Material provided >>
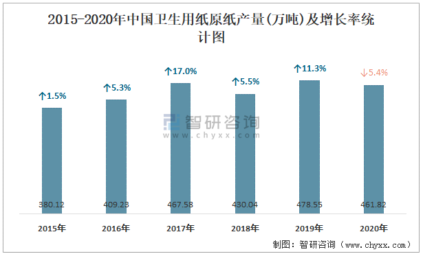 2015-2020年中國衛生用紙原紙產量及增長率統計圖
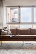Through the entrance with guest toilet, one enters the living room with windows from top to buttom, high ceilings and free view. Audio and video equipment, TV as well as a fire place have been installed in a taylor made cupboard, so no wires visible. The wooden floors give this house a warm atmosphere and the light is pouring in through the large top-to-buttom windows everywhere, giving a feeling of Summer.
==
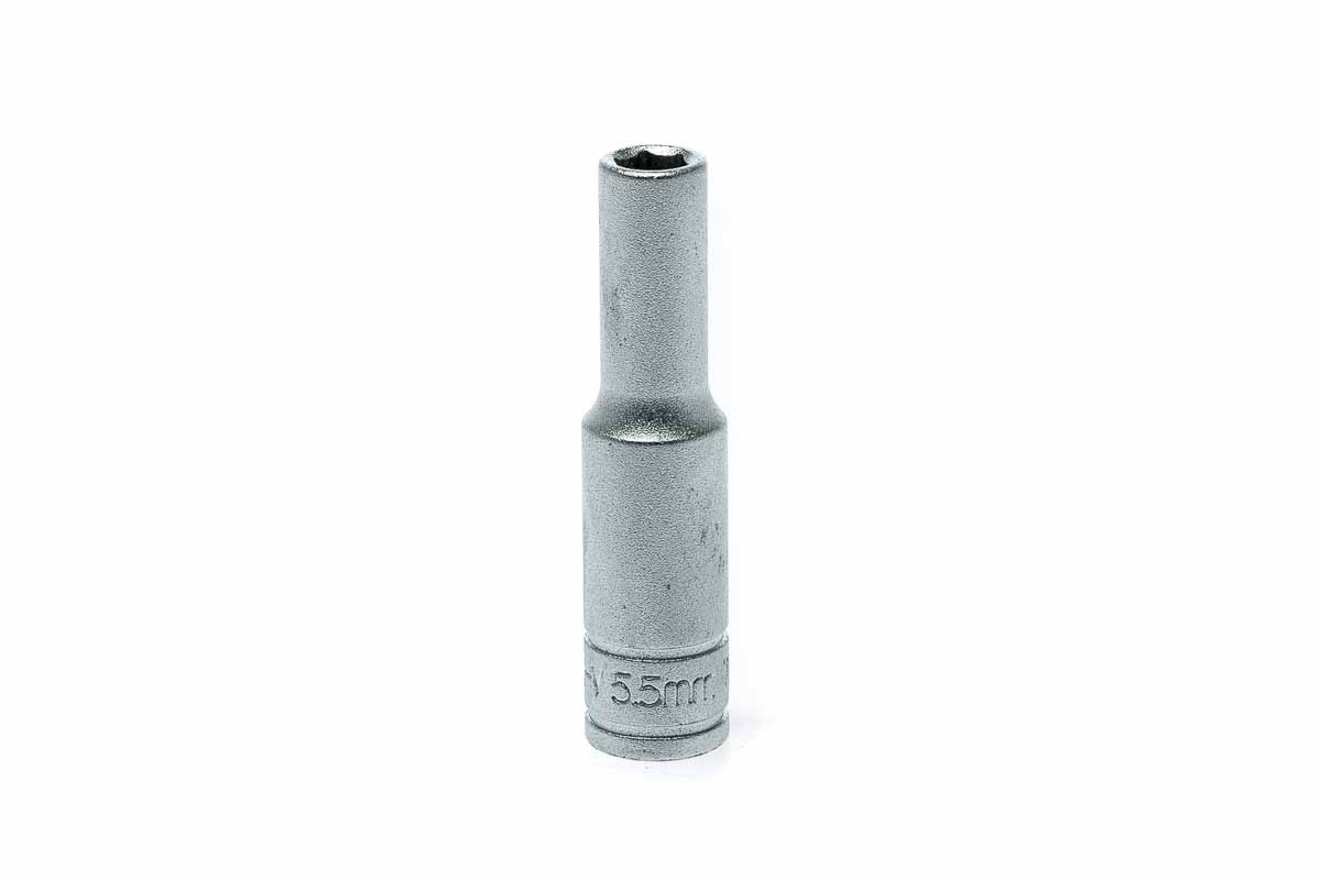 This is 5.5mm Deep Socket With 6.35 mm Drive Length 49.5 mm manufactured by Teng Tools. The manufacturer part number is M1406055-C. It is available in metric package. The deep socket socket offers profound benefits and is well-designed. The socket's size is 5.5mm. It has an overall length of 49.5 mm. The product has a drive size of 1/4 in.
...
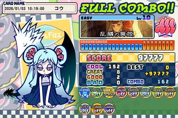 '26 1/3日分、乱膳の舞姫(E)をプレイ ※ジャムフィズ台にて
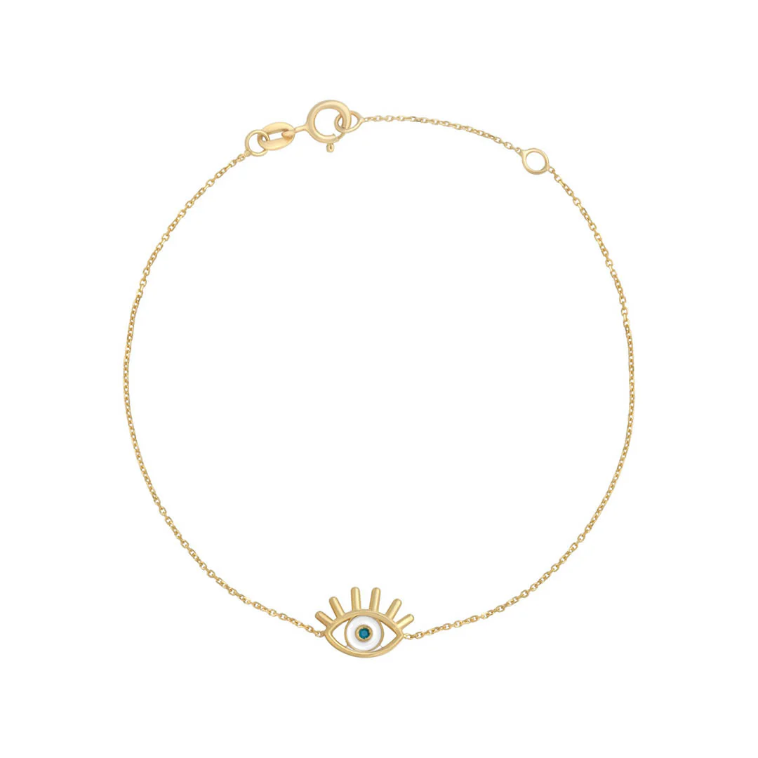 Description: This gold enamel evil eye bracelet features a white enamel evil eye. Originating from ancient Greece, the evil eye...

What you should do >>
Within the material above, only the stretch from the line holding "2015-2020年中國衛生用紙原紙產量及增長率統計圖" through the line holding "Through the entrance" is to be restated exactly. Pictures are dropped.

Exercise response >>
 2015-2020年中國衛生用紙原紙產量及增長率統計圖
Through the entrance with guest toilet, one enters the living room with windows from top to buttom, high ceilings and free view. Audio and video equipment, TV as well as a fire place have been installed in a taylor made cupboard, so no wires visible. The wooden floors give this house a warm atmosphere and the light is pouring in through the large top-to-buttom windows everywhere, giving a feeling of Summer.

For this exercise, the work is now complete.